I have made the assertion before, but here is another excellent article outlining the migration of Saddam Hussein’s remaining chemical weapons stockpile into Syria, where it is now at the center of the world stage. Take it away, policymic:
The earliest account of Hussein having hidden his WMDs in Syria came in January of 2004. Nizar Nayouf, an award-winning Syrian journalist who was granted political asylum in France, said in a letter to Dutch newspaper De Telegraaf not only that he knew Iraq’s WMDs were being hidden inside Syria, but that he could pinpoint precisely where they were being kept. According to Nayouf’s witness, described as a senior source inside Syrian military intelligence he had known for two years, Iraq’s WMDs were in tunnels dug under the town of al-Baida near the city of Hama in northern Syria, in the village of Tal Snan, north of the town of Salamija, and in the city of Sjinsjar on the Syrian border with the Lebanon, south of the city of Homs. Nayouf claimed that the transfer of Iraqi WMDs to Syria was organized by the commanders of Hussein’s Iraqi Republican Guard with the help of General Dhu al-Himma Shalish and Assef Shawkat, Syrian President Bashar al-Assad’s cousin and brother-in-law, respectively.

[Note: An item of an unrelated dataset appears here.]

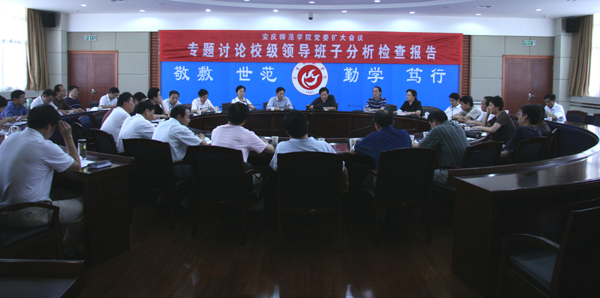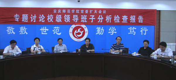 6月19日下午,永利官网在龙山校区行政楼圆桌会议室召开党委扩大会议,专题讨论校级领导班子的分析检查报告。党委书记赵晓和,党委副书记、副院长朱士群,党委委员、副院长时新中,党委委员、副院长王海燕,党委副书记、纪委书记殷红,副院长张群,党委委员、办公室主任、生命科学系党总支书记刘友忠等领导出席会议。各党总支书记、校深入学习实践科学发展观办公室全体人员参加了会议。

We know for a fact that Shalish had a working relationship with Hussein long before the war in Iraq. The Syrian government awarded Shalish and his company, SES International Corporation, exclusive rights on
contracts to supply the Iraqi market with goods from construction materials to detergent. According to the Central Intelligence Agency (CIA), Shalish and SES helped the former Ba’athist regime access weapons systems by issuing false end-user certificates to foreign suppliers that listed Syria as the final country of destination.
But wait, there is more. Not just a Syrian journalist. And not just General Sada. But also that of the Iraq Survey Group, and Israeli intelligence.
When two sources from the Iraq Survey Group (ISG) — a 1,400-member team organized by the Pentagon and CIA — spoke with the Washington Times in August 2004, they reported that Hussein periodically removed guards on the Syrian border and replaced them with his own intelligence agents who supervised the movement of banned materials between the two countries. The shift was followed by the movement of trucks in and out of Syria suspected of carrying materials banned by UN sanctions. Once the shipments were made, the agents would leave and the regular border guards would resume their posts.
A similar claim was made by Lieutenant General Moshe Ya’alon in December of 2005, a former Israeli military officer who served as chief of staff of the Israel Defense Forces from July 2002 to June 2005. “(Hussein) transferred the chemical agents from Iraq to Syria” six weeks before Operation Iraqi Freedom started, according to Ya’alon. “No one went to Syria to find it.”
General Sada’s claim of numerous truck convoys crossing the border in the months leading up to the US invasion also squares with countless eyewitness accounts from Iraqis living in Al Anbar Province. In addition, the words of General al-Tikriti ring much more sensibly than those who claim that Saddam was merely bluffing, and possessed no chemical stockpile, but instead allowed his government to be toppled and his own death to result from playing out of that bluff.
After Saddam denied he had such weapons why would he use them or leave them readily available to be found?
The author is correct, in that absolute proof will be difficult. You can bet the farm that any Iraqi complicity, and Russian complicity for that matter, in supplying Syria and the Assad Regime with chemical weapons, particularly VX, is being wiped clean as you read this.